Swiping your card sets this process into motion



 

There’s a complex behind-the-scenes process every time you buy something with a credit card, even though it usually only takes a matter of seconds to complete:

A transaction begins when a customer presents a card to pay for a purchase. Bank cards can come in several varieties, including credit cards issued by national banks and debit cards issued by local banks. The magnetic strip on the back of the card stores the information that identifies the cardholder account number, name, and card’s expiration date.


At most stores, the consumer’s card is swiped and the transaction amount is entered. A machine at the cash register electronically reads the cardholder’s account information. Through a phone line connected to the back of the machine, the terminal dials out to the processing network for authorization to complete the transaction.
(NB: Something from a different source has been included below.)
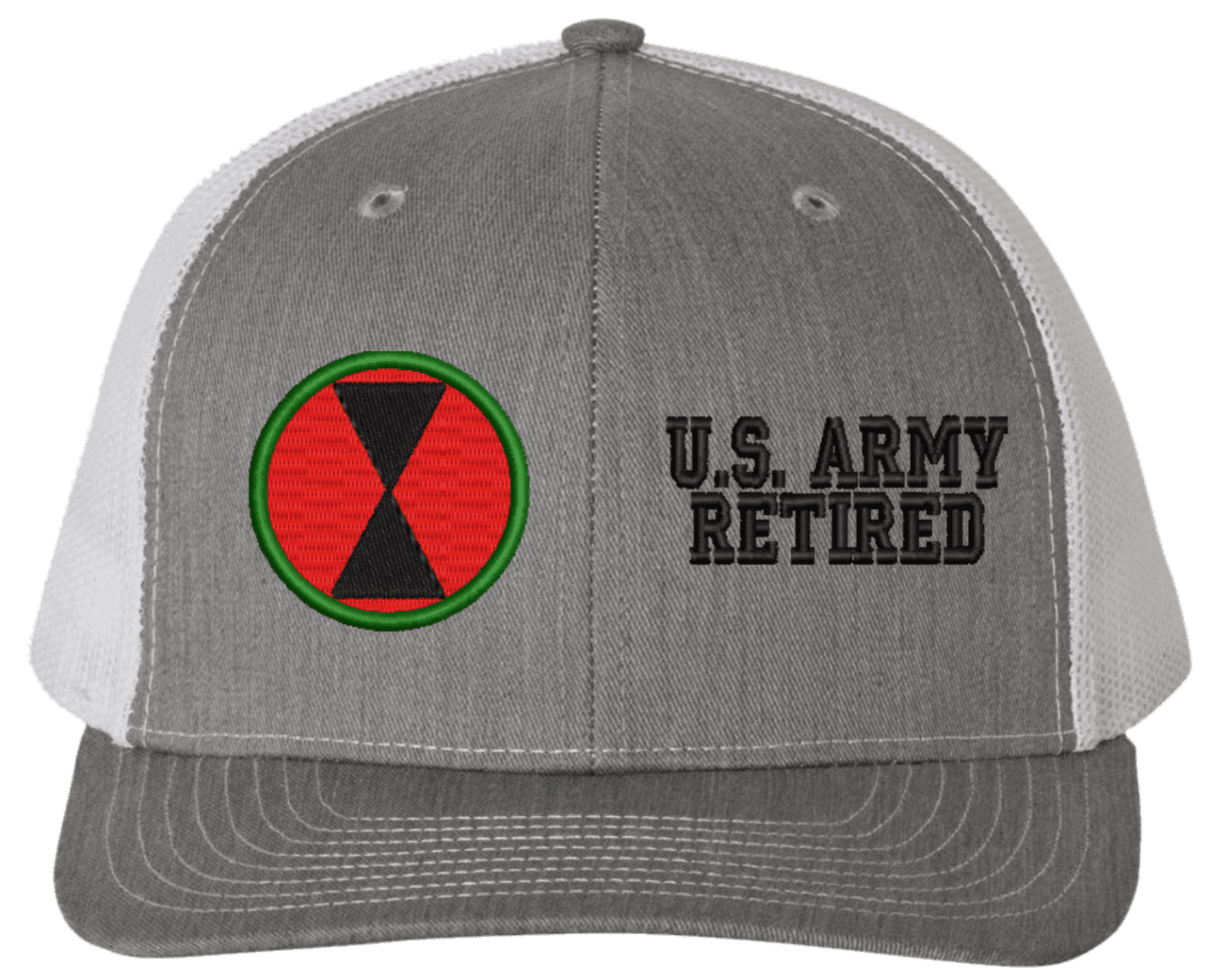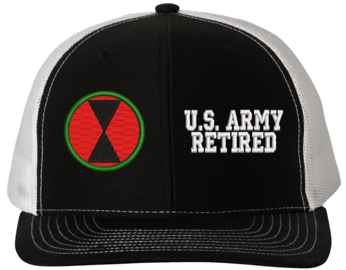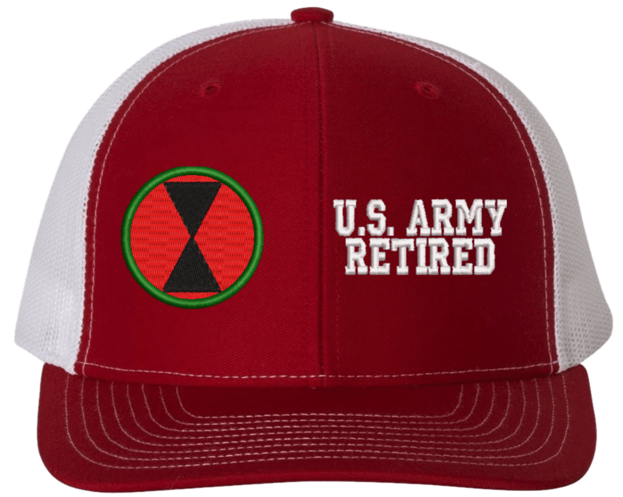 MilitaryBest is proud to offer this Mesh Back 7th Infantry U.S. Army Retired Split Cap. The 7th Infantry Division Insignia is embroidered onto a 6x panel mid/low profile mesh back cap and is crisp, clean, and sure to be loved by people of all ages! As with all MilitaryBest caps and apparel your satisfaction is guaranteed!Caps ordered with embroidered back text requires an additional 1 to 2 days of production time. All personalized caps will be embroidered in ALL CAPITAL LETTERS. Caps personalized with back text are not returnable unless there is a material defect in the cap.

A similar process occurs on a retailer’s Web site, except the consumer must enter in the data that would normally be picked up by a card reader in a store. Most retailers use an encrypting protocol known as SSL, short for “Secure Sockets Layer.” An encrypted Web site is easy to spot - the start of the address will change from “http” to “https,” and, if you’re using Netscape, a padlock icon appears.

The processing network is responsible for translating and delivering the electronic information sent from the checkout aisle. The transaction data is first routed to the issuing bank for authorization of the cardholder’s account, with the appropriate data then sent to a processing bank as well as back to the terminal.


The consumer’s issuing bank verifies that the account is valid and the sale is within the cardholder’s available credit limit. This triggers the network to send an approval code back to the retailer’s terminal so the transaction can be completed. Transaction details appear on the cardholder’s next account statement.


The completed transaction is saved in the point-of-sale terminal until the business closes out the current batch of stored transactions. This process, called “batching out,” generally occurs automatically at the end of each day.

Sources: National Federation of Independent Business, Smart Computing



A new standard



Credit card companies have begun to respond to heightened concern about security breaches by penalizing member retailers. In December, Visa said it will spend $20 million in incentives to make members’ banks compliant, and begin fining those banks up to $25,000 if large merchants aren’t compliant by the end of August and smaller merchants by year-end.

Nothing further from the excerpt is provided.